- What you have to do -
Without copying any picture, transcribe exactly the lines of the data below from the one containing "我们对2014年12月25日" through the one containing "Original ostrich belt".

- Information given -
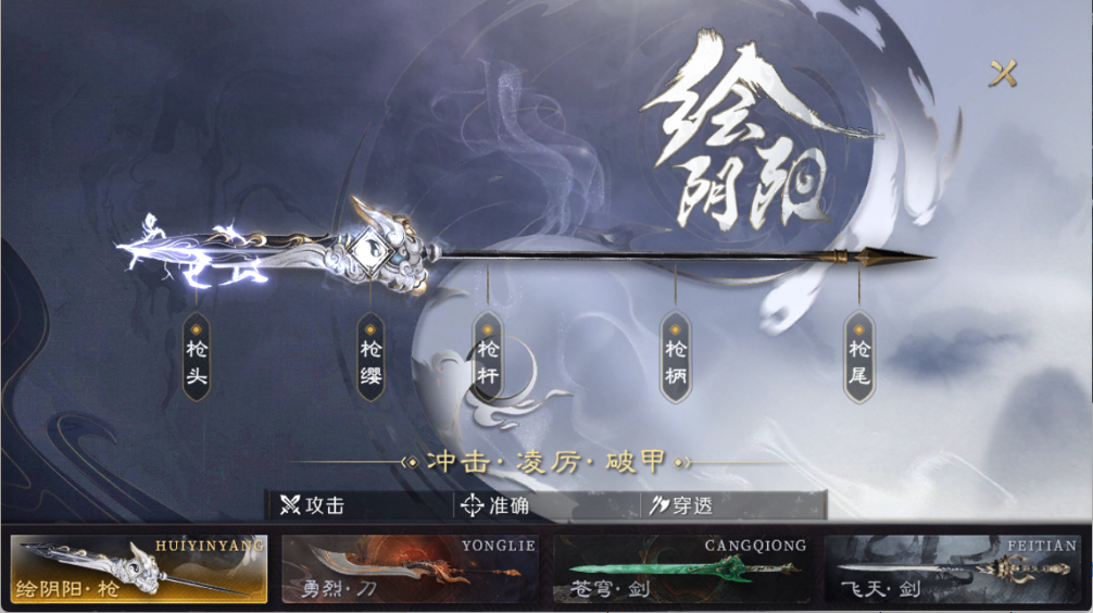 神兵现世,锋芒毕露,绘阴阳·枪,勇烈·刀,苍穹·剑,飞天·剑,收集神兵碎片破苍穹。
* * *
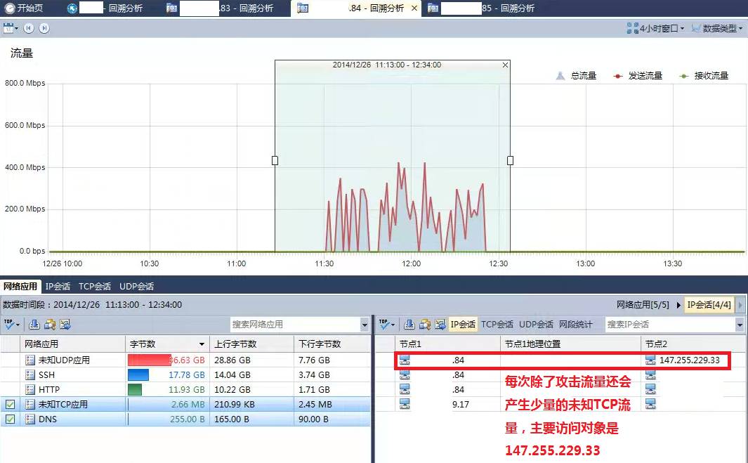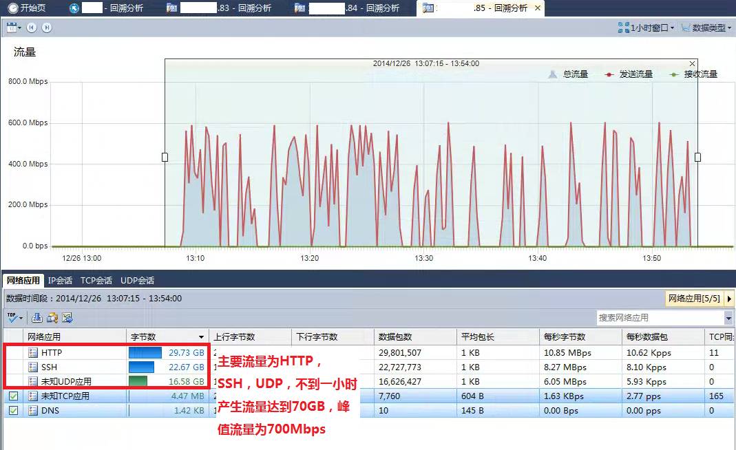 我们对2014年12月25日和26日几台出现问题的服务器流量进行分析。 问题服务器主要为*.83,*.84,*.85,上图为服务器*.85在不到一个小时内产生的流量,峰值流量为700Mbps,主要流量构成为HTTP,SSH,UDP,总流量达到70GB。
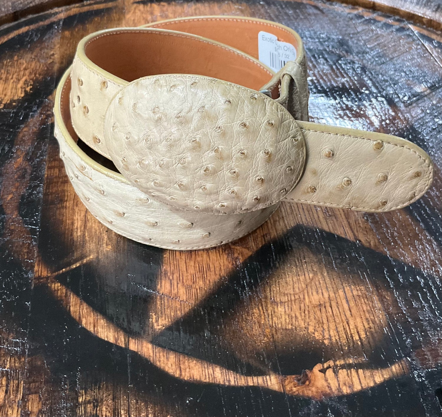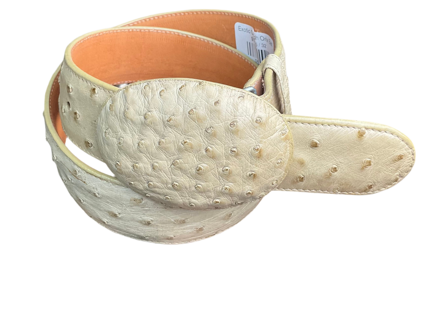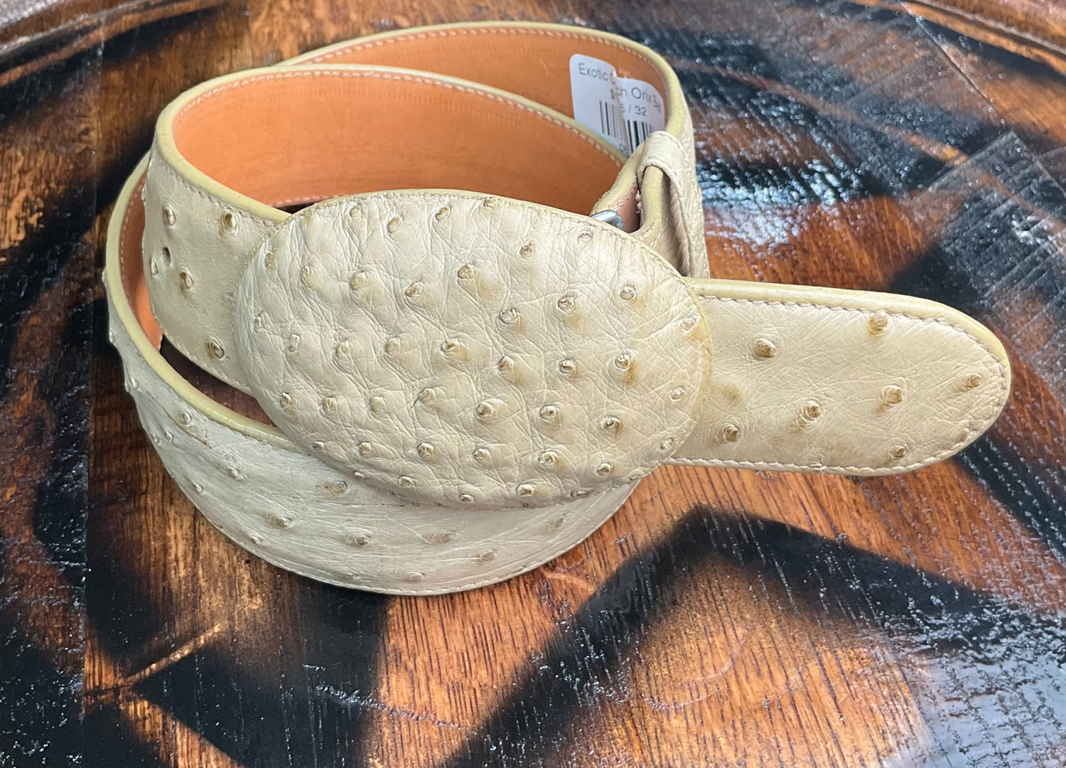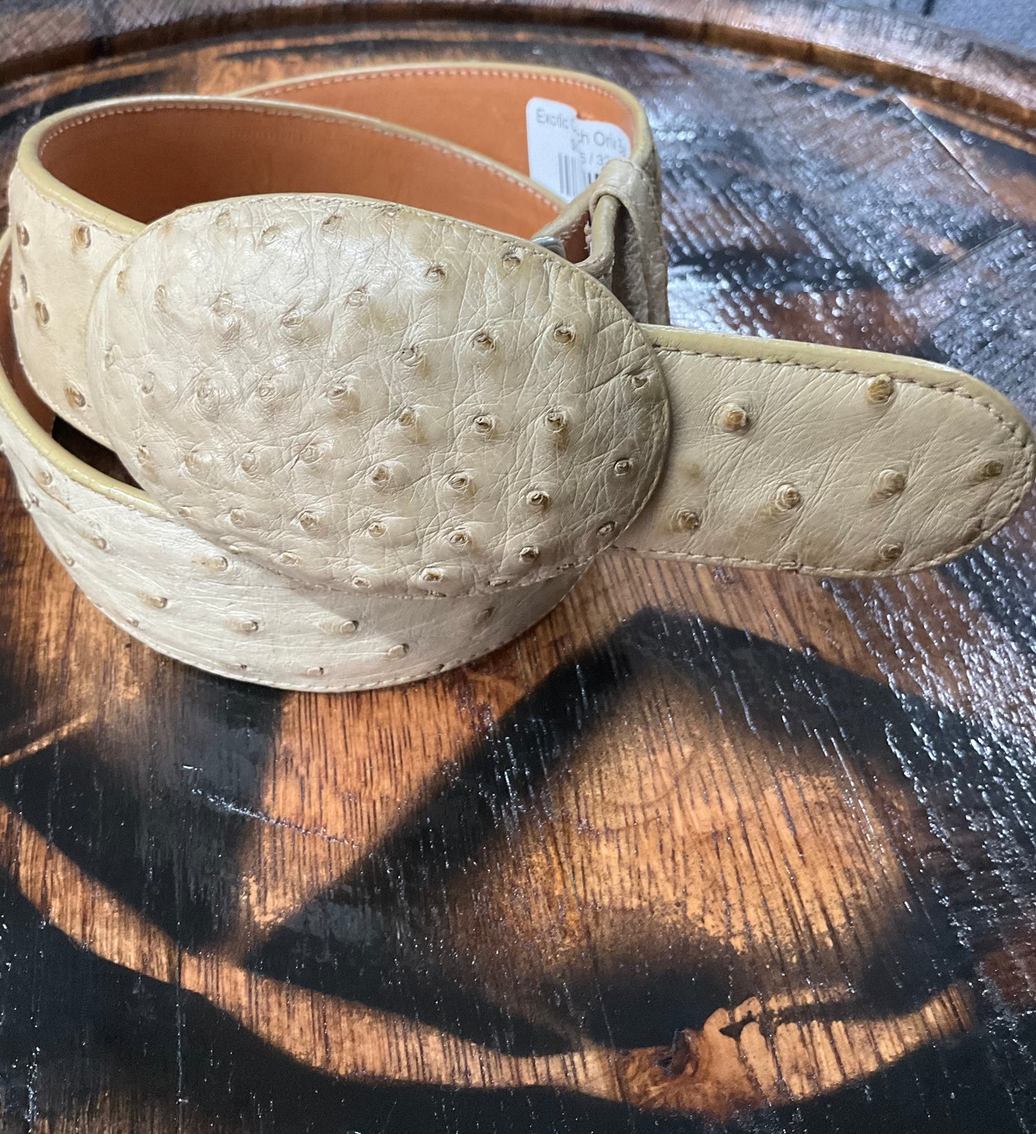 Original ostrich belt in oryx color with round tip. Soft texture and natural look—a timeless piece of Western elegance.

- Response -
 我们对2014年12月25日和26日几台出现问题的服务器流量进行分析。 问题服务器主要为*.83,*.84,*.85,上图为服务器*.85在不到一个小时内产生的流量,峰值流量为700Mbps,主要流量构成为HTTP,SSH,UDP,总流量达到70GB。
 Original ostrich belt in oryx color with round tip. Soft texture and natural look—a timeless piece of Western elegance.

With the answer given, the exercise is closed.